Everything is bigger in Texas, and our computers are no exception.
In 2011, UT won a competition held by the National Science Foundation to develop and house the first Stampede supercomputer. It was such a success that the NSF decided to award UT Stampede2, a second supercomputer, without holding a competition, TACC representative Doug James said.
Stampede2, which is the Texas Advanced Computing Center’s flagship supercomputer, is currently the world’s 12th most powerful supercomputer and the most powerful supercomputer at any U.S. university.
“At its most basic, a supercomputer is any computer that performs at the very high end of what’s possible,” James said. “It’s a machine that pushes the limits of technology … designed to help answer the biggest, most complex problems facing researchers.”
Supercomputers can be used to study almost anything, from the origins of the universe to subjects even in the social sciences, arts and humanities.
Stampede2 is not just a single computer. It’s actually a sophisticated network of 3,936 smaller computers communicating and collaborating with each other, James said. Each of these smaller computers has 48 to 68 independent processing cores with 112-196 Gigabytes of memory each, he added, compared to your typical desktop, laptop or phone’s two cores.
This means that Stampede2 has between 188,928 and 267,648 cores and can process 100 GB per second’s worth of information.
This is no easy feat. This sort of power requires a program that allows these cores to communicate, and writing this program is the hardest part, according to James.
“Imagine a jigsaw puzzle the size of a football field,” James said. “You and a few thousand of your closest friends each have a bowlful of puzzle pieces. Think about the coordination required to pull off the challenge.”
In addition to being a national resource used by more than 13,000 researchers around the country, Stampede2 is also the flagship resource for the Extreme Science and Engineering Discovery Program, XSEDE, an NSF-funded organization that provides computing resources to researchers, James said.
Chris Fragile, a professor in the Physics and Astronomy Department at the College of Charleston, is one of these researchers.
“I wouldn’t be able to do what I do without machines like Stampede2,” Fragile said. “Some of the astrophysical computer simulations that I run require millions of computing hours to complete. On a desktop computer, that would literally take more than 100 years. But on a machine like Stampede2, where I can use thousands of computers simultaneously, the same simulation only takes a few weeks.”
Fragile used Stampede2 to help develop CosmosDG, which is a computational astrophysics code that allows for simulations of astrophysical phenomena, such as black holes.
In addition, Stampede2’s architecture was so new and had so many processing cores that Fragile actually had to modify how CosmosDG was written to take full advantage of Stampede2’s abilities.

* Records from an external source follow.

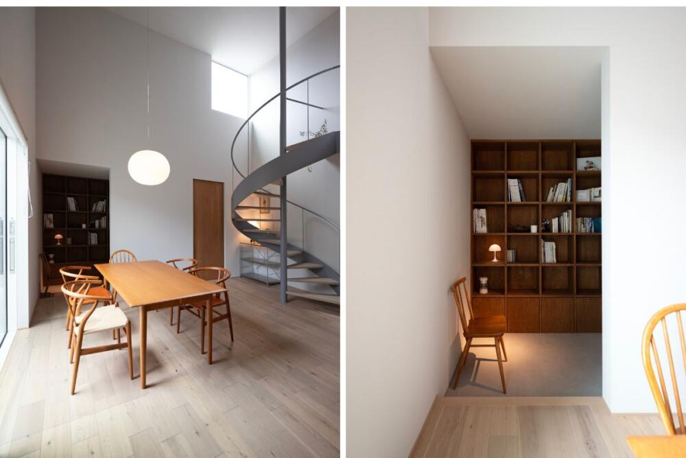「変形地という条件を制約としてではなく、計画の出発点として受け止めたプランニングが際立つ事例。斜めに振った構成や視線の逃がし方によって、敷地の持つ不利な条件を閉塞感として残さず、空間の広がりへと転換している」
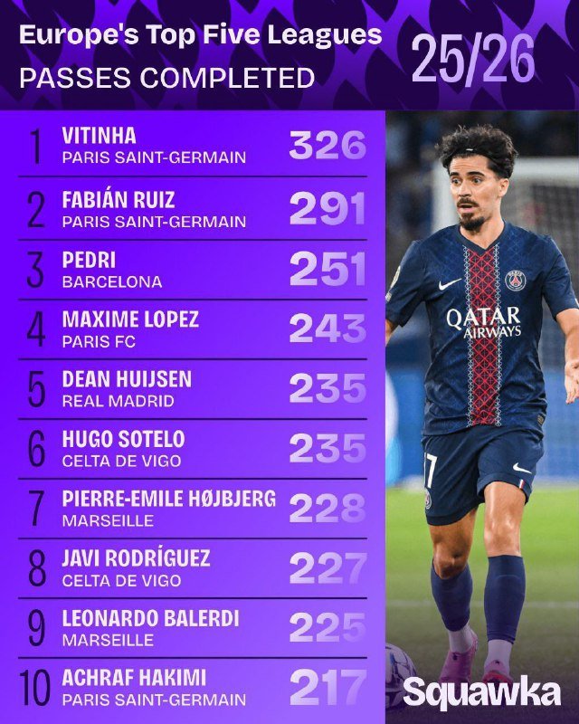 🚨🚨📊 فيتينيا هو اللاعب الوحيد الذي أكمل أكثر من 300 تمريرة في الدوريات الأوروبية الخمس الكبرى حتى الآن هذا الموسم.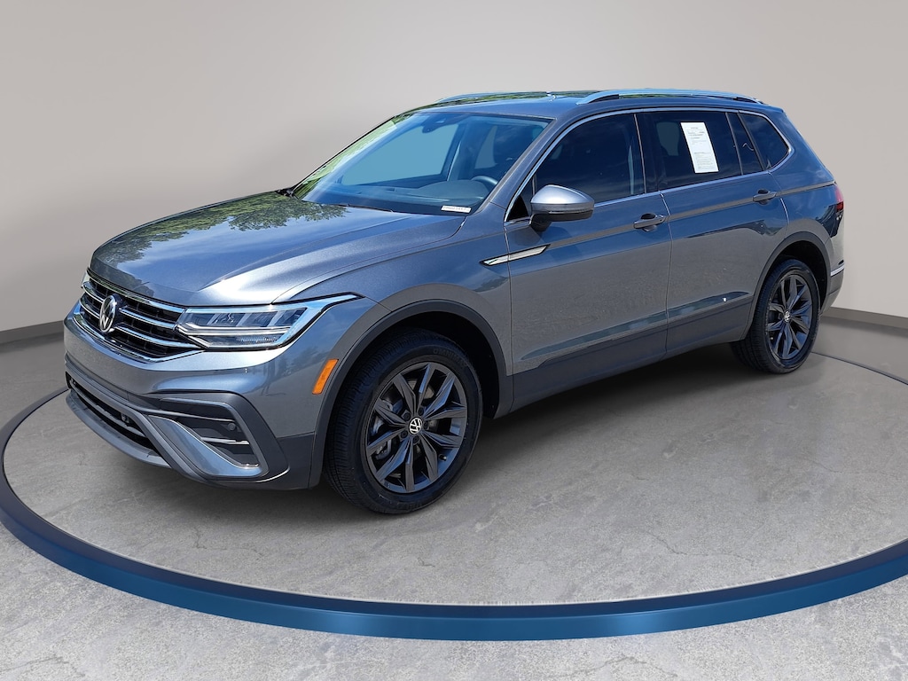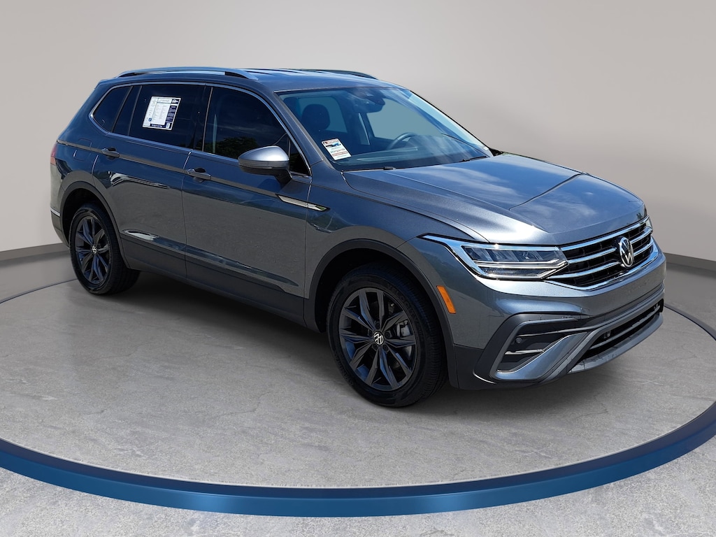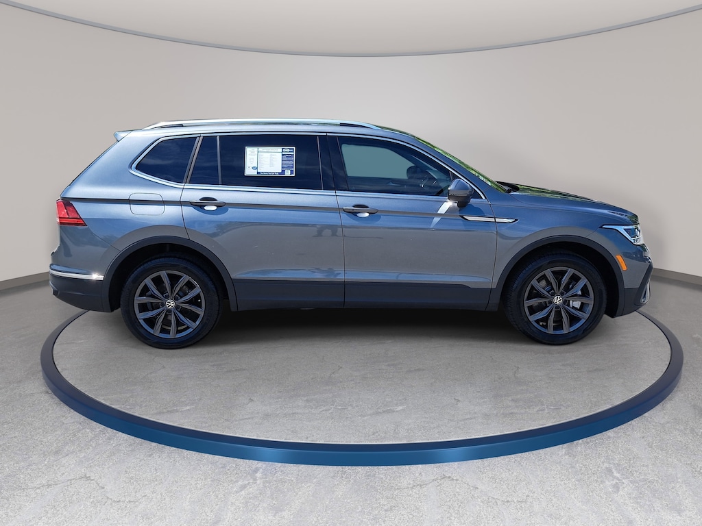 Platinum Gray Metallic 2023 Volkswagen Tiguan 2.0T SE FWD 8-Speed Automatic with Tiptronic 2.0L TSI DOHC 3.33 Axle Ratio, 3rd row seats: bench, 4-Wheel Independent Suspension, AM/FM radio: SiriusXM with 360L, Automatic temperature control, Brake assist, Credit - Power Rear Liftgate Removed, Electronic Stability Control, Exterior Parking Camera Rear, Front dual zone A/C, Fully automatic headlights, Heated Front Comfort Seats, Perforated V-Tex Leatherette Seating Surfaces, Power driver seat, Radio: MIB3 Composition Media AM/FM/HD, Rain sensing wipers, Rear window wiper, Remote keyless entry, Speed-sensing steering, Split folding rear seat, Steering wheel mounted audio controls, Traction control, Wheels: 18" Dark Graphite Painted 10-Spoke Alloy.
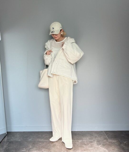 うららかな日差しが差し込む春は全身白コーデに最適な季節。その一方で気温の変化も激しいので、白アウターでコーデを仕上げましょう。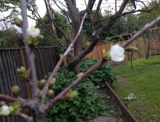Top, right, and left, I’m trying to give a better sense of the whole of the mango. The new buds at the top? They weren’t there at the beginning of the week. We had a three-day heat wave and it actually hit 94.7 degrees yesterday–in March. So strange. The plant life took off all over the yard.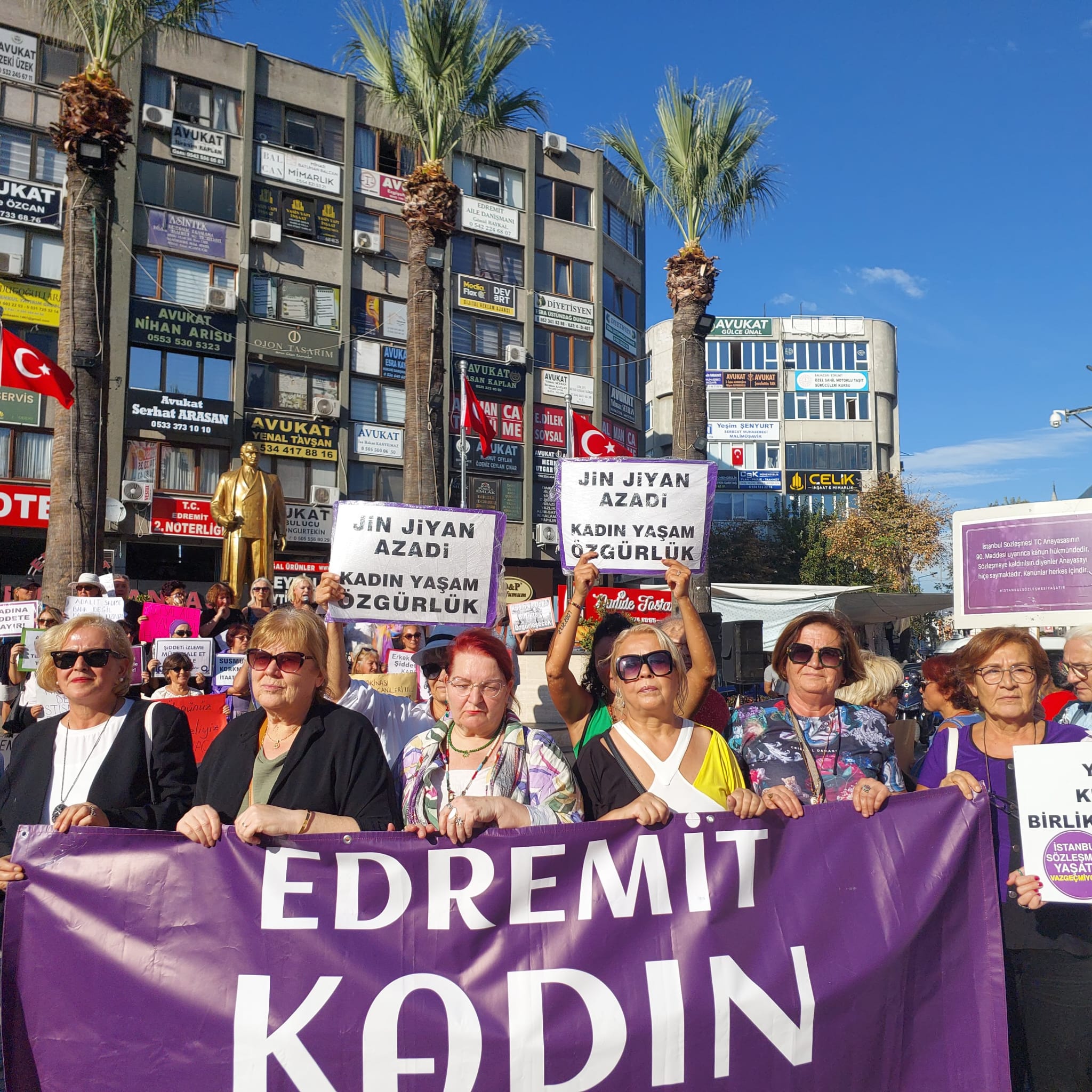 Edremit Kadın Platformu, Cumhuriyet Meydanı'nda bir araya gelerek kadın cinayetlerine yönelik sert bir basın açıklaması yaptı. Kadın cinayetlerinin artmasına ve faillerin cezasız kalmasına karşı öfke ve isyan dolu mesajlar veren platform, Türkiye'de kadınların can güvenliğinin tehlikede olduğunu vurguladı.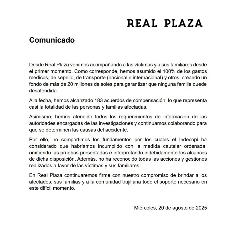 El pasado 21 de febrero, el desplome de parte del techo en el patio de comidas del centro comercial Real Plaza de Trujillo provocó víctimas mortales y dejó a varios heridos. El hecho generó preocupación pública y derivó en la intervención inmediata de las autoridades de fiscalización y defensa del consumidor.

“It was a challenge for our code,” Fragile said.
But perhaps the most interesting thing about Stampede2 isn’t its power, but the fact that it’s uniquely UT.
“(We) wired every inch of the network and wrote much of the software that makes Stampede2 tick,” James said. “We maintain and support it. We answer every trouble ticket, and we teach classes and workshops on supercomputing. We collaborate with those who use the system. We own it. It’s got the UT brand all over it.”
Stampede2’s importance doesn’t just lie in its processing power. Instead, it’s already leaving a lasting legacy.
“We’ve proven that we are the folks you want designing, deploying, maintaining and supporting your biggest systems,” James said. “It means that UT rocks!”